Страшные рассказы | страница 67



Я повторяю, что ни один человек не прибегал к таким фантасмагориям при описании исключительности Природы и человеческой жизни, свойственных выздоровлению приступов любознательности; наполненной лихорадочным великолепием смены времен года; влажной, мглистой жары, когда южный ветер успокаивает нервы, словно струны какого-то инструмента, а глаза наполняются слезами, идущими отнюдь не из души; галлюцинаций, сначала порождающих сомнения, но затем убедительных и разумных, как книга; абсурдности, поселяющейся в мозгу и управляющей им со всесокрушающей логикой; истерии, узурпирующей место воли; разногласий между эмоциями и разумом; и человека, который в своей противоречивости дошел до того, что стал выражать боль смехом. Он анализирует мимолетное, взвешивает невесомое и описывает, в своей дотошной научной манере, обеспечивающей роковой результат, тот воображаемый мир, который парит вокруг впечатлительного человека и ведет его к злу.

То рвение, с которым он погружается в гротеск ради любви к гротеску и в мистический трепет ради любви к мистическому трепету, позволяет мне удостоверить искренность его творений и то, насколько в нем уживались человек и поэт. Я уже говорил о том, что в случае с очень многими людьми подобный пыл является результатом огромного количества незадействованной жизненной энергии, в ряде случаев упрямого целомудрия, а также глубоко подавляемой внутри чувственности. Сверхъестественное сладострастие, охватывающее человека при виде ручья собственной крови; резкие, агрессивные, бесполезные порывы; громкие крики, которые его горло издает подсознательно, без всякого участия разума, – все это явления того же порядка.

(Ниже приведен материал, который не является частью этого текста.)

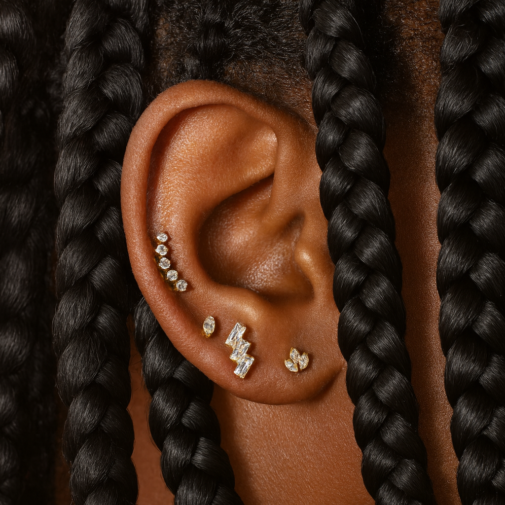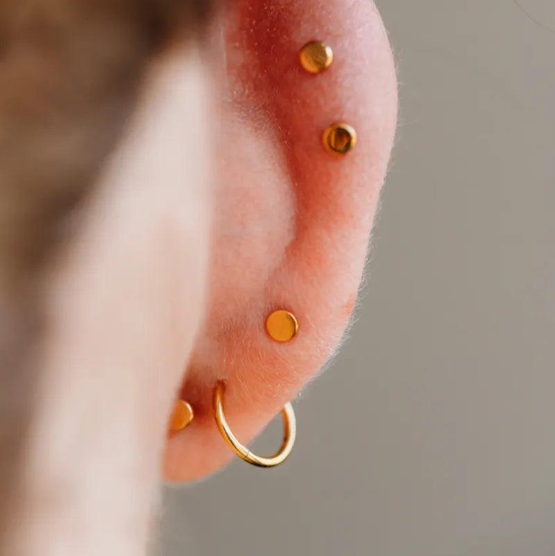 These earrings work in both lobe and cartilage piercings. They are hypoallergenic and 100% nickel-free, so you don't have to worry about irritated skin. They are the perfect addition to your ear stack.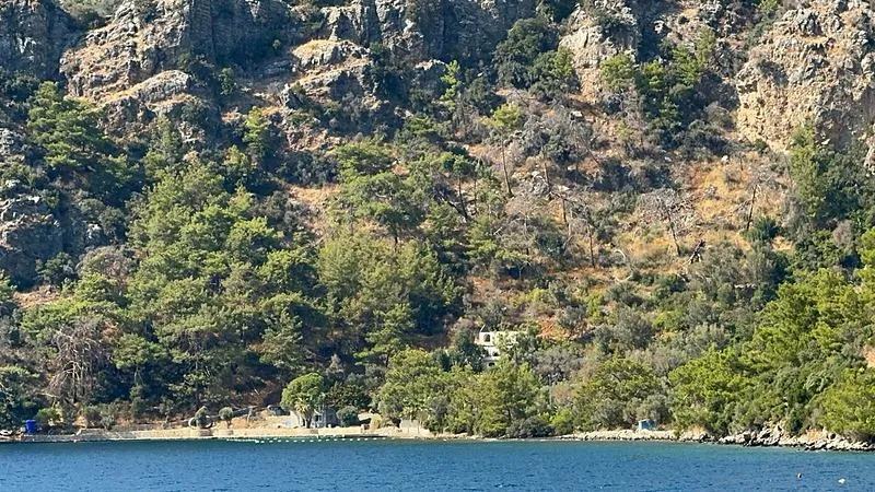 Marmaris'te tekneyle ulaşım olan bir koyda bulunan Şahan Gökbakar'a ait kaçak yapıda, Çevre, Şehircilik ve İklim Değişikliği Bakanlığı Muğla İl Müdürlüğü ve Marmaris Belediyesi ekiplerince inceleme yapıldı.

Воздух в недрах этой литературы разрежен, и дух там может испытывать смутную тревогу, страх, готовый вот-вот обернуться слезами, и дурноту, обитающую на пространствах обширных и странных. Но восхищение все же сильнее, да и потом, как же величественно это искусство! И главное, и второстепенные детали здесь полностью соответствуют чувствам персонажей. Одиночество Природы или городская суета – все описывается лихорадочно, возбужденно и фантастично. Подобно нашему Эжену Делакруа, возвысившему свое искусство до вершин величественной поэзии, Эдгар По любит перемещать своих персонажей на фиолетовом или зеленоватом фоне, обнаруживающем фосфоресцирующие признаки гниения и флюиды бури. Природа, которую принято называть неодушевленной, принимает участие в жизни живых существ и, подобно им, дрожит сверхъестественной мелкой дрожью. Пространство от опиума становится глубже, оттенки приобретают магический смысл, а вибрация звуков становится более звонкой и величественной. Неожиданно посреди этого пейзажа возникают изумительные поляны, насыщенные цветом и светом, и на горизонте взору предстают затянутые дымкой восточные города и величественные храмы, на которые солнце изливает потоки золотого дождя.